Leí una vez un cuento sobre unos hombres que vagaban perdidos por la jungla cuando, a punto de morir de fatiga y de hambre, se encontraron con un elefante blanco. El elefante, viéndoles tan en las últimas, les confesó que avanzando unos kilómetros encontrarían al pie de un barranco un elefante recién muerto con el que reponer fuerzas. Después, les dijo, siguiendo tal y tal sendero, saldréis de la selva. Dicho esto se fue. Los hombres echaron a andar y, en efecto, al llegar al barranco, allí estaba el cuerpo sin vida de un elefante, que resultó ser el propio elefante blanco, autoinmolado para salvar a los hombres de una muerte segura.
Cuando mis hijos eran pequeños solía contarles esta historia intentando hacerles comprender lo que yo pensaba de mis propios padres, de cómo entregaron las mejores carnes de su juventud para que mis hermanos y yo saliéramos indemnes de esa jungla que era la infancia en una familia numerosa y sin demasiados recursos.
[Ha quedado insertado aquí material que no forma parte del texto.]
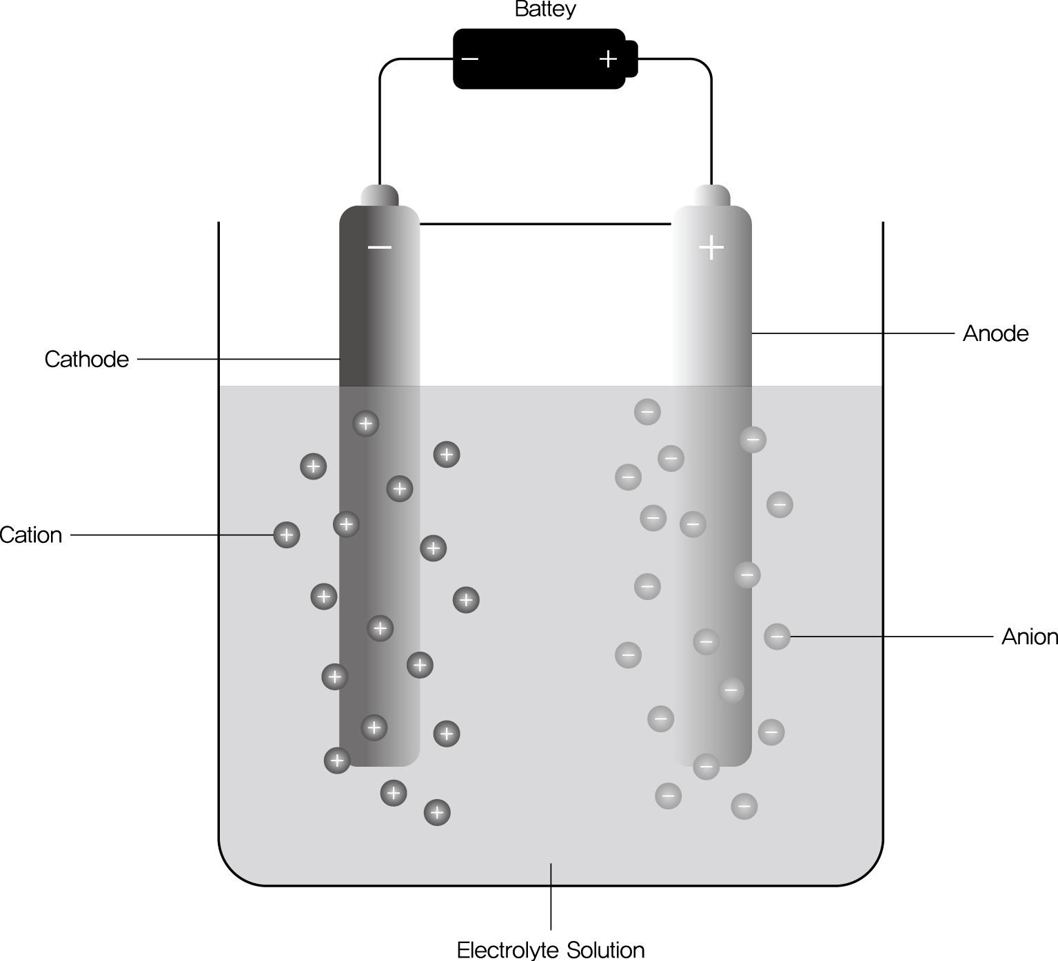 원리: 외부 전압을 인가하여 음극에서는 환원(Cathode)을, 양극에서는 산화(Anode)를 유도한다. 전기 도금(Electroplating)이나 금속의 순수화 등에 활용된다.
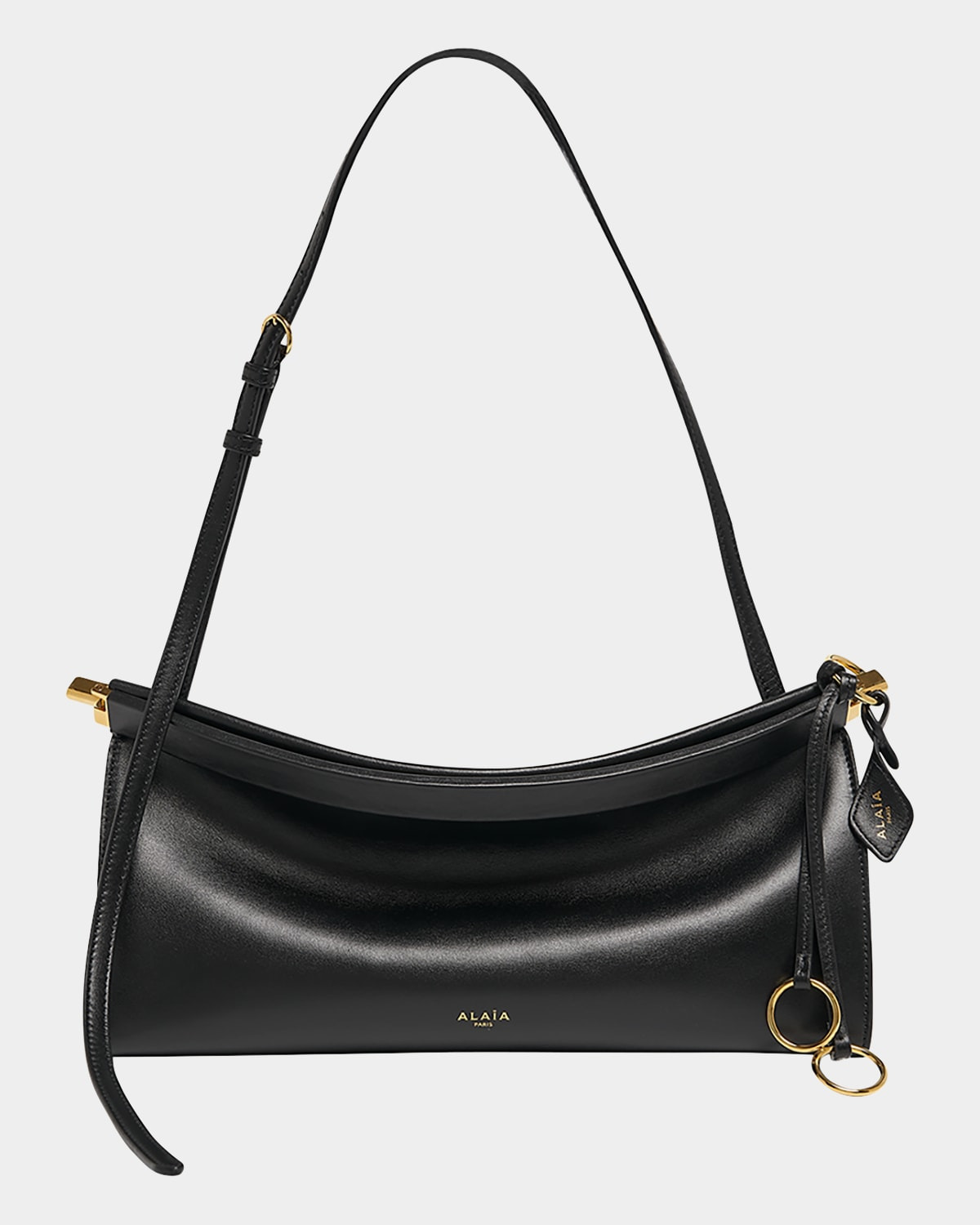 - ALAIA "Le Click" east-west shoulder bag in glossy leather - Adjustable shoulder strap - Can be worn as a shoulder or belt bag - Frame top with side hinges; keyring tags - Lining: Leather - Approx. 5.5"H x 11.8"W x 3.5"D - Made in Italy

Pero igual podría servir para comprender el papel del arte y de los artistas en el mundo actual donde, a cambio de casi nada, con la carne de músicos, escritores, pintores, bailarines, actores, vamos sin saberlo alimentando el hambre de un alma que sin ellos sería ya sólo materia económica.
Es un cuento sobre la generosidad, que lo mismo podría servir para explicar esta situación de crisis, solo que en este cuento, nosotros, los perdidos, los famélicos, cuando encontramos a un elefante blanco, lejos de indicarnos el camino a casa, lo que nos muestra es el barranco por el que despeñarnos. Es un elefante carnívoro que, recorte a recorte, alimenta su egoísmo con nuestras entecas carnes.
En el cuento de la realidad, siempre que en la jungla aparece la crisis, nosotros somos el elefante blanco.